▸ **STORED DATA**:

---*---

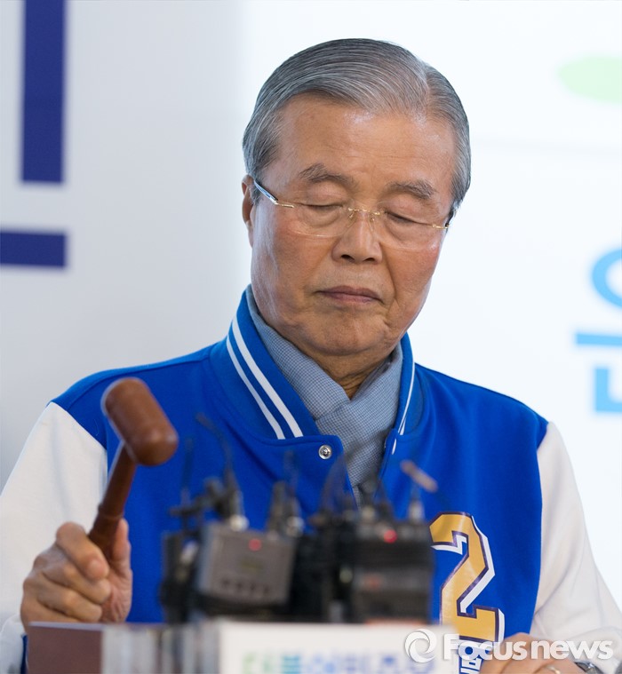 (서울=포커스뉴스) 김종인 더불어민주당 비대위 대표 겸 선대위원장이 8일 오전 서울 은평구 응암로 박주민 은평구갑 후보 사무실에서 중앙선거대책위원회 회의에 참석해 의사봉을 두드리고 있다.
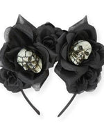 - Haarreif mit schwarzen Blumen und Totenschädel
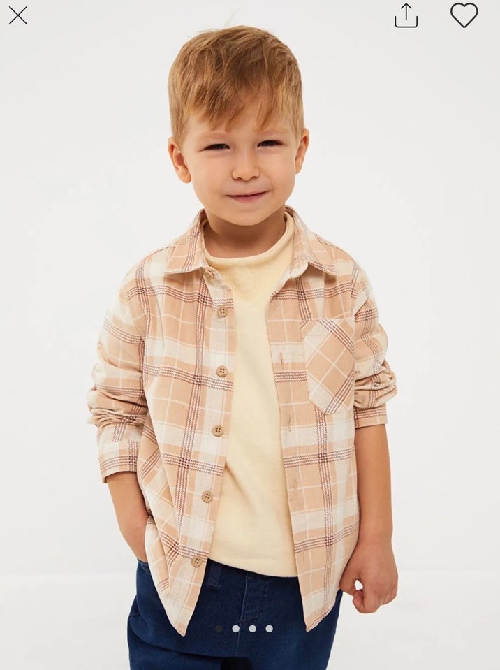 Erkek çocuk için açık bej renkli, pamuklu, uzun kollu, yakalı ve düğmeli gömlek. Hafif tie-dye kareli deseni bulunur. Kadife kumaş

---*---

▸ **WORK ITEM**: Quote exactly the lines from the line that contains "- Haarreif mit" through the last line of the listing, please, leaving out all pictures.

▸ **ANSWER BELOW**:
 - Haarreif mit schwarzen Blumen und Totenschädel
 Erkek çocuk için açık bej renkli, pamuklu, uzun kollu, yakalı ve düğmeli gömlek. Hafif tie-dye kareli deseni bulunur. Kadife kumaş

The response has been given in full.